Colin Powell (1 vote): Jim Cooper actually voted for the former Secretary of State to have the miserable job of herding the disobedient cats of the House of Representatives. I’m guessing Powell would have resigned in disgust roughly 45 seconds into the job.

John Dingell (1 vote): The dean of the House, having served since 1955, Dingell is a staunch defender of organized labor. He’s also hilarious, having used the House floor to read a poem making fun of Fox News.

John Lewis (1 vote): The Civil Rights legend who delivered one of the best speeches of the DNC received a vote from a Blue Dog Democrat from Lewis’s native Georgia.

Jim Jordan (1 vote): Ohio Republican Jim Jordan got the protest vote of Tim Huselkamp.

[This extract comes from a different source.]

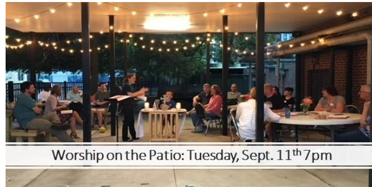
Worship on the Patio: Tuesday, Sept. 11 th 7pm

LAST gathering for Worship on the patio is this Tuesday.

Jordan is a true budget hawk Republican…if you define budget hawk as fighting with the Pentagon to force them to buy weapons they explicitly didn’t want because his key donors build those weapons in his district.

David Walker (1 vote): Another non-member candidate. David Walker served as Comptroller General and makes his career as an advocate for bi-partisan cooperation on fiscal matters, running a group called ComebackAmerica

Justin Amash (1 vote): The 32-year-old Amash is the latter day Ron Paul. These guys possess the most objectionable combination of policy stances: radically libertarian economic views and draconian conservative social views on abortion and gay marriage. Hurray!

Raul Labrador (1 vote): The official roll call announced one vote for Labrador, though other reports claim he was just a “present” vote. Idaho Republican is actually relatively centrist. He supports increased education spending and doesn’t generally play games with the federal budget, having voted to avoid the fiscal cliff. He also wants to militarize the Mexican border — even though his state borders the utterly porous Canadian border — so he’s not too centrist.